Moreover, 21 percent of those surveyed admitted to medicating their kids with paracetamol, such as Panodil, before sending them to school.

The FOLA parents’ organisation is shocked by the findings.

“I think it is absolutely crazy. It simply cannot be that a child goes to school sick and plays with lots of other children. Then we are faced with the fact that they will infect the whole institution,” said FOLA chair Signe Nielsen.

Pill pushers
At the Børnehuset daycare institution in Silkeborg a meeting was called where parents were implored not to bring their sick children to school.

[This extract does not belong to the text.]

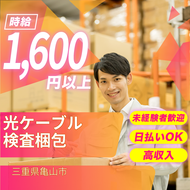 給与詳細 月収例 267,200円 時給例 1,670円 勤務地 三重県亀山市 仕事内容 光ファイバーケーブルの検査・梱包作業(交通費支給/駐車場無料)

At Børnehuset there are fears that parents prefer to pack their kids off with a pill without informing teachers.

“We occasionally have children who that they have had a pill for breakfast,” said headteacher Susanne Bødker. “You might think that it is a Panodil more than a vitamin pill, if it is a child who has just been sick, for example.”

Parents sick and tired
Parents, when confronted, often cite pressure at work as a reason for not being able to stay at home with their children.

Many declare that they simply cannot take another day off, as they are afraid of being fired.

Allan Randrup Thomsen, a professor of virology at KU, has heavily criticised the parents’ actions, describing the current situation as a “vicious circle”.

“It promotes the spread of viruses, and it adds momentum to a cycle where parents are pressured by high levels of sick-leave. If they then choose to send the children to daycare while they are still recovering, they keep the epidemic going in daycares, and this in turn puts a greater burden on the parents.”